For the pdf slides, click here
Concepts of MCAR, MAR, MNAR
Concepts of MCAR, MAR, MNAR
- Missing completely at random (MCAR): the probability of being missing is the same for all cases
- Cause of missing is unrelated to the data
- Missing at random (MAR): the probability of being missing only depends on the observed data
- Cause of missing is unrelated to the missing values
- Missing not at random (MNAR): probability of being missing depends on the missing values themselves
Ad-hoc Solutions
Listwise deletion and pairwise deletion
- Listwise deletion (also called complete-case analysis): delete rows which contain one or more missing values
- If data is MCAR, listwise deletion produces unbiased estimates of means, variances, and regression weights (if need to train a predictive model)
- If data is not MCAR, listwise deletion can severely bias the above estimates.
- Pairwise deletion (also called available-case analysis)
- Mean and variance of variable \(X\) are based on all cases with observed data on \(X\)
- Covariance and correlation of \(X\) and \(Y\) is based on all data which both \(X\) and \(Y\) have non-missing values
Mean imputation
- Compared with the observed data, in the imputed data (observed + imputed values)

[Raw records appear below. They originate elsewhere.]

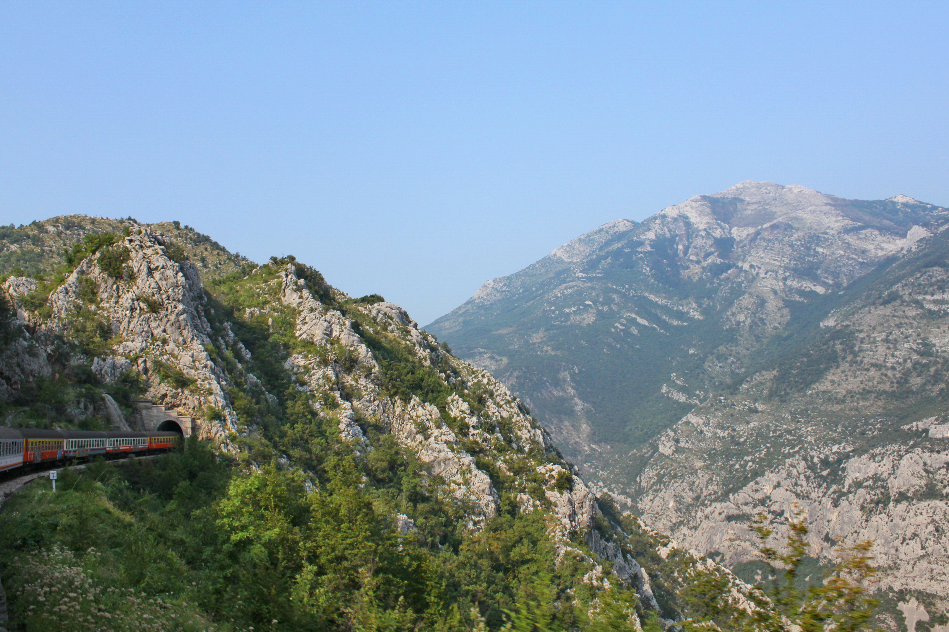 Views of Montenegro from the train on the Belgrade–Bar railway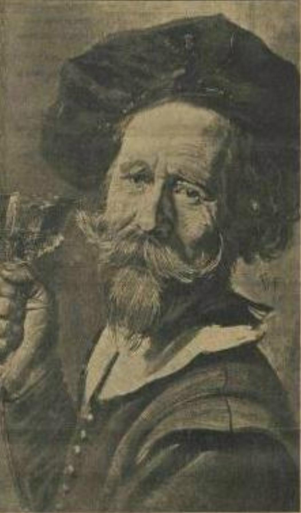 Old photo of the painting "Portrait of Pieter Verdonck" when it was still known as "Man with a wine glass", before & after photos published in an article in the Sumatra Post in 1928. The National Gallery of Scotland had just acquired the painting in 1927. Sumatra Post article in the Koninklijke Bibliotheek, record number KB 1634 C1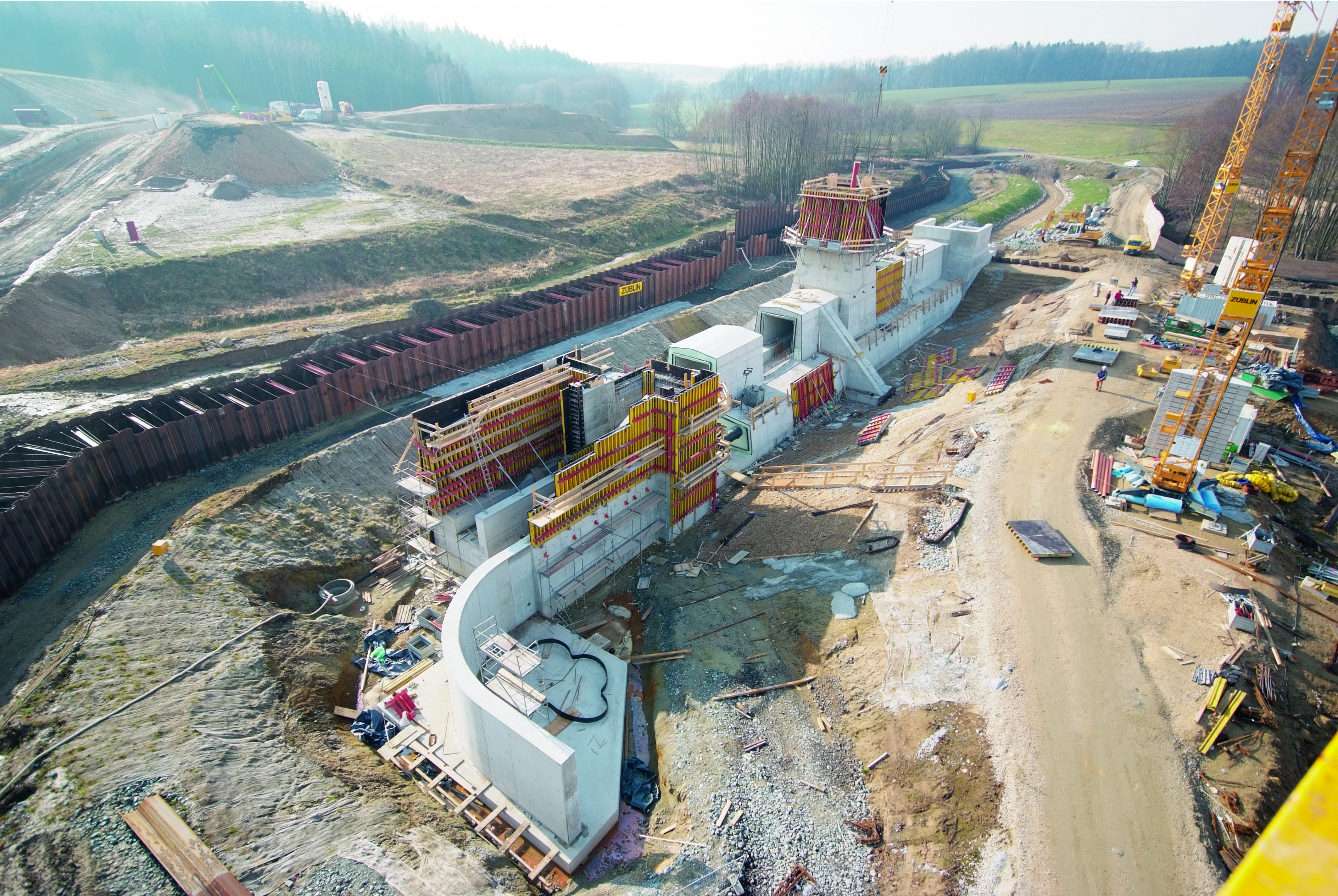 Dam Rennersdorf, construction site, Germany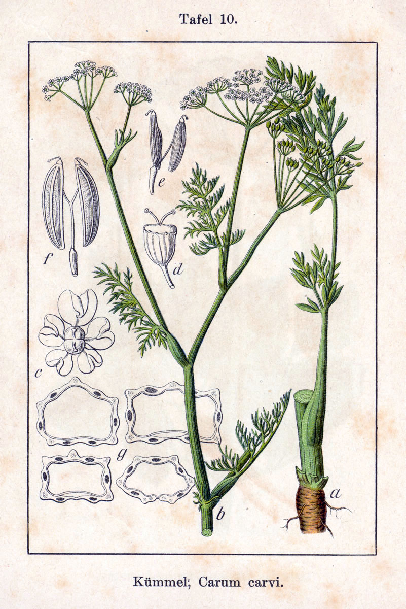 Carum carvi L. Original Description Kümmel, Carum carvi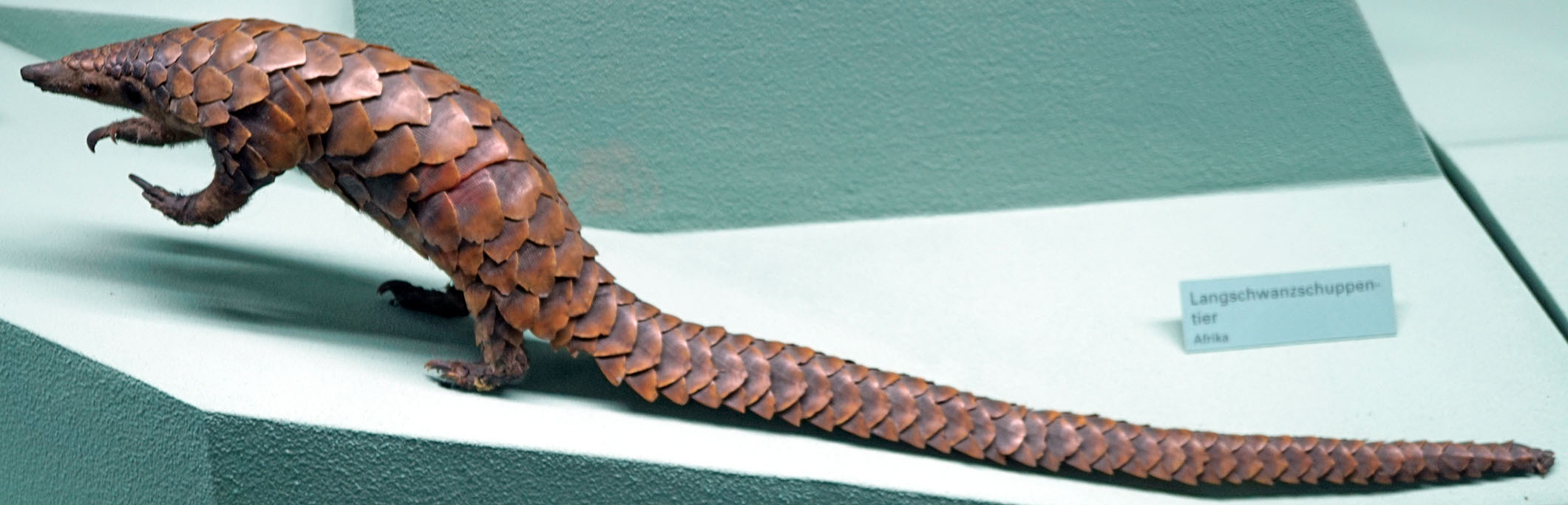 Phataginus tetradactyla in Augsburg Naturmuseum.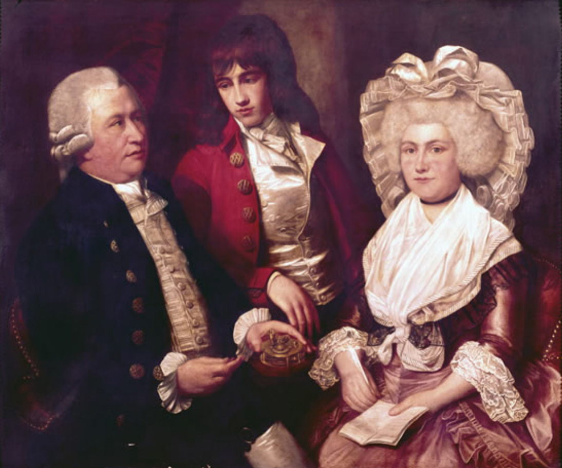 John Arnold (1736-1799), British clockmaker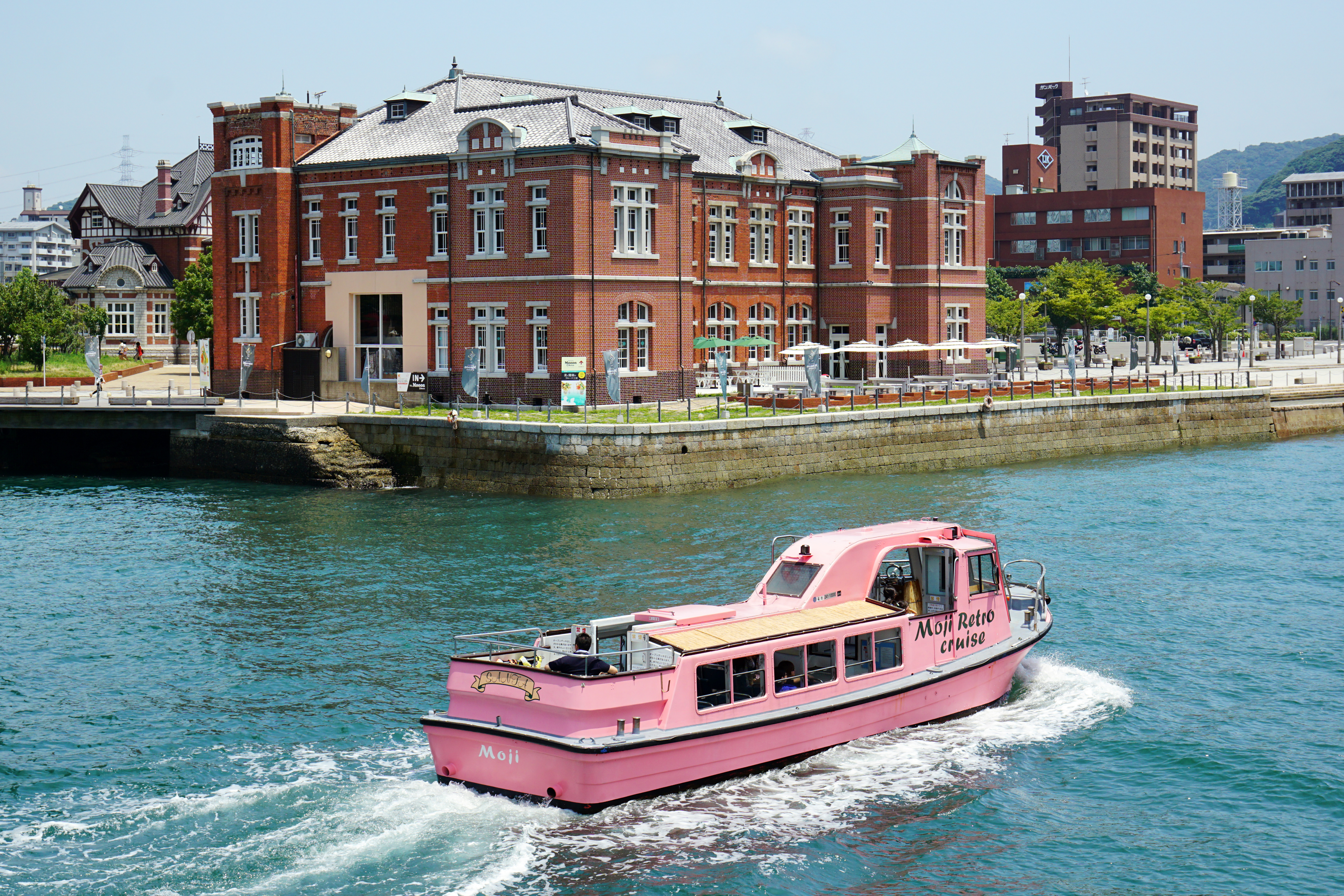 Former Moji Customs in Kitakyushu, Fukuoka prefecture, Japan.

- Standard deviations decrease
- Correlation decreases
- Means can be biased if the data is not MCAR.
Regression imputation
- Build a regression model from the observed data
- Impute the missing values in the response variable with the predicted values from the fitted regression
- The impute values are the most likely values under the model
- However, it decreases the variance of the target variable
- And it increases the correlations between the target and covariates
- Regression imputation, and its modern incarnations in machine learning is probably the most dangerous of all ad-hoc methods
Stochastic regression imputation
- Build a regression model from the observed data
- Impute a missing value in the response variable with the predicted value plus a random draw from the residual
- Preserves variance and correlation.
- Imputed values can exceed the range (e.g., a negative Ozone level). A more suitable model may resolve this.
LOCF and BOCF
Last observation carried forward (LOCF) and baseline observation carried forward (BOCF) are for longitudinal data.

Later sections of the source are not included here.